───── Extracted entries ─────
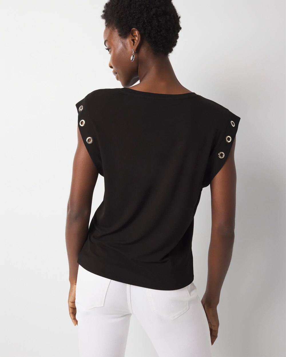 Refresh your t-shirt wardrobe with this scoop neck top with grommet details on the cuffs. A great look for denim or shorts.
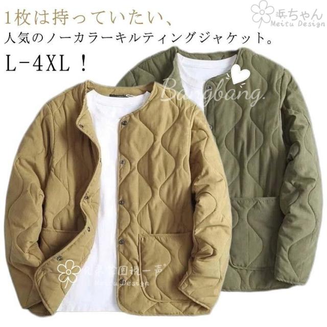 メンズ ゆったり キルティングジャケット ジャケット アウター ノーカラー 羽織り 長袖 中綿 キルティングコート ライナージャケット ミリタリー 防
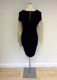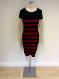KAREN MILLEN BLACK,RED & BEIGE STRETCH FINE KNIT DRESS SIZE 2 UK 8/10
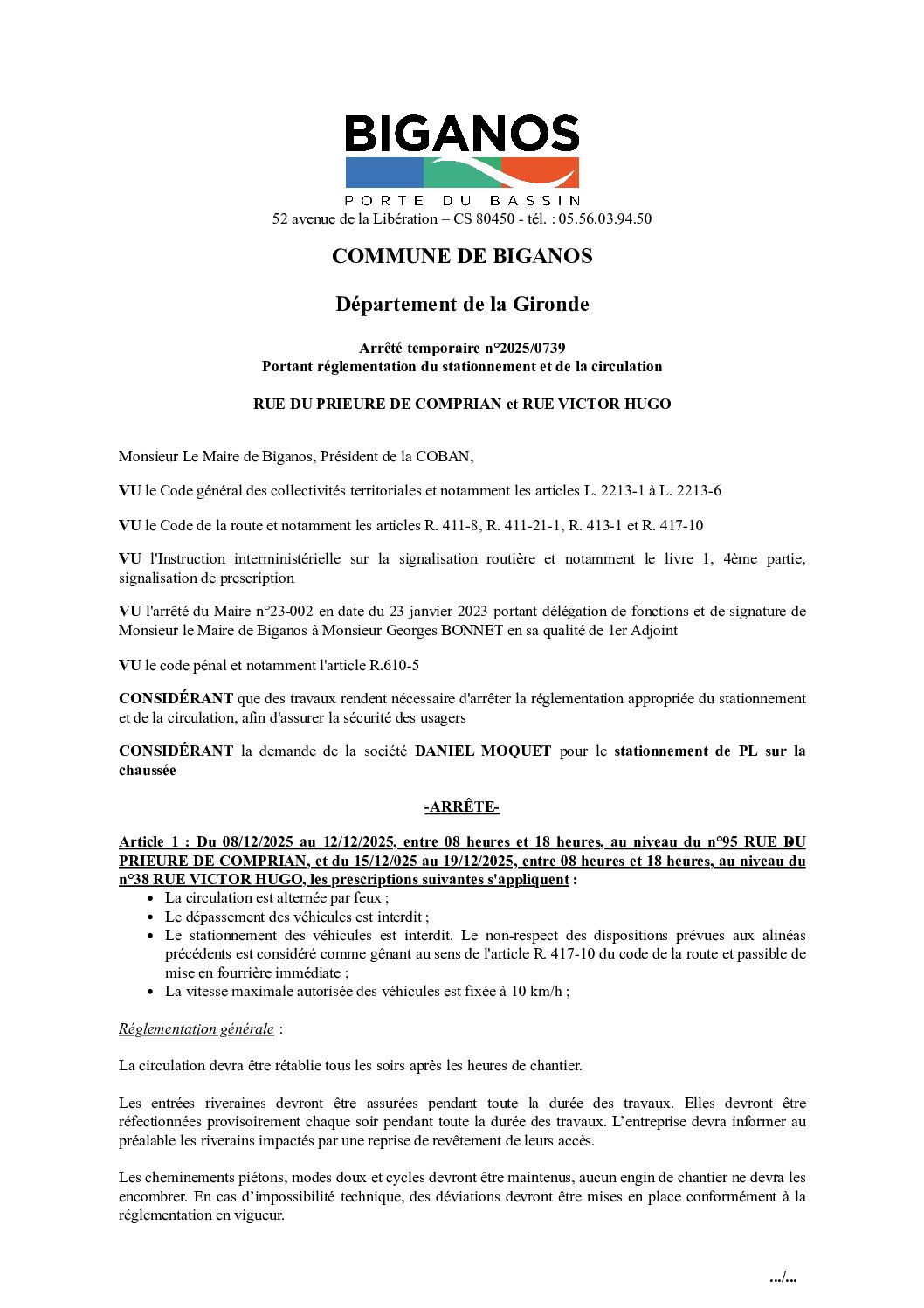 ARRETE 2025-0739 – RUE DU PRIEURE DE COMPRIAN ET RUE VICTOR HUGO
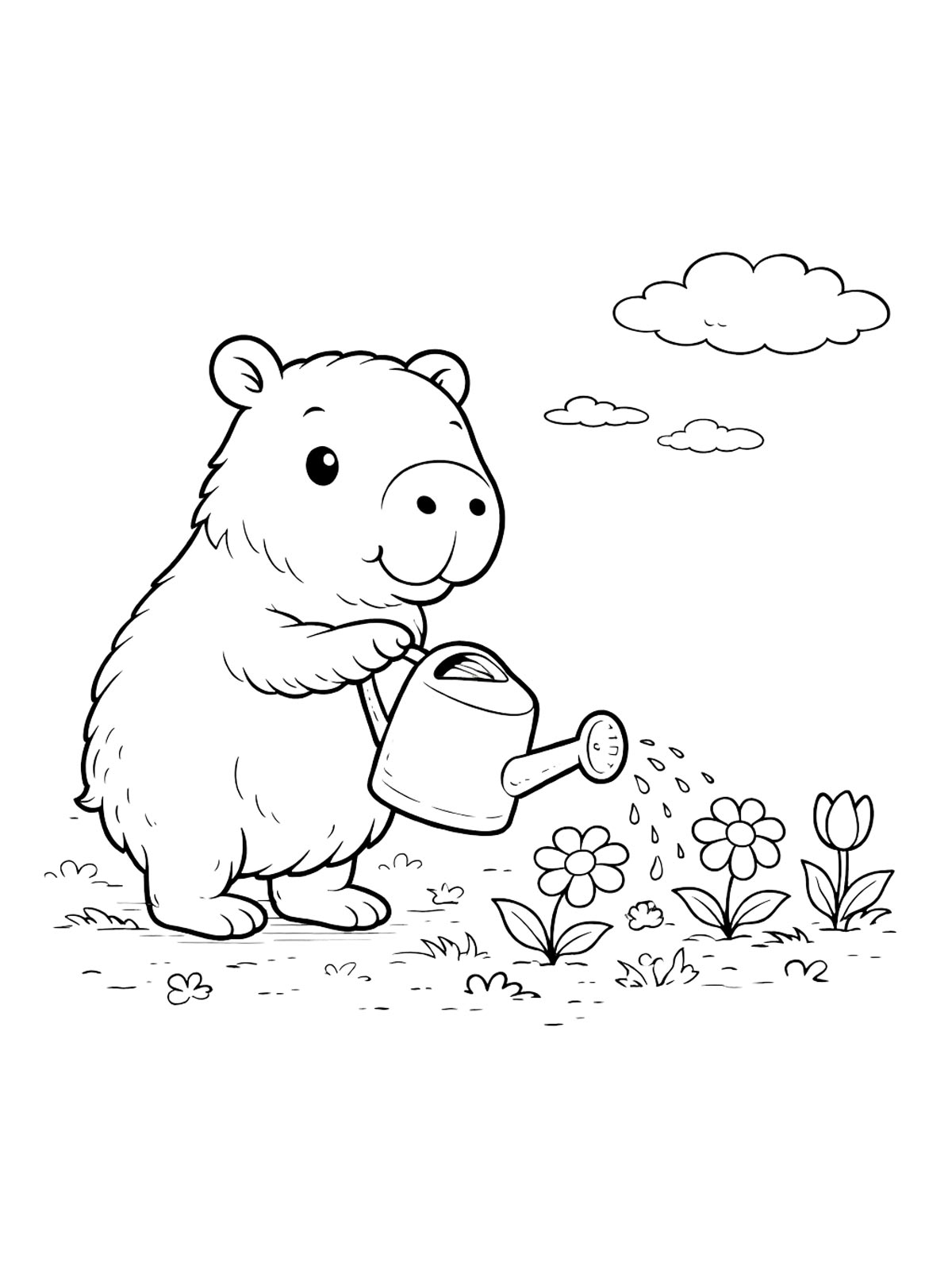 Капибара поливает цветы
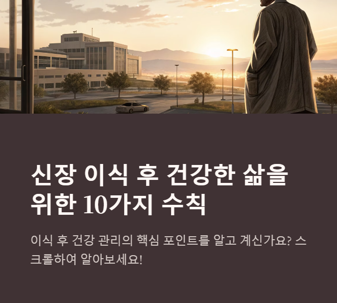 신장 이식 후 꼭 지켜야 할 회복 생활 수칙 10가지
─────
Write out, exactly and with no pictures, the lines of the data from the first through the line containing "KAREN MILLEN BLACK,RED".

 Refresh your t-shirt wardrobe with this scoop neck top with grommet details on the cuffs. A great look for denim or shorts.
 メンズ ゆったり キルティングジャケット ジャケット アウター ノーカラー 羽織り 長袖 中綿 キルティングコート ライナージャケット ミリタリー 防
KAREN MILLEN BLACK,RED & BEIGE STRETCH FINE KNIT DRESS SIZE 2 UK 8/10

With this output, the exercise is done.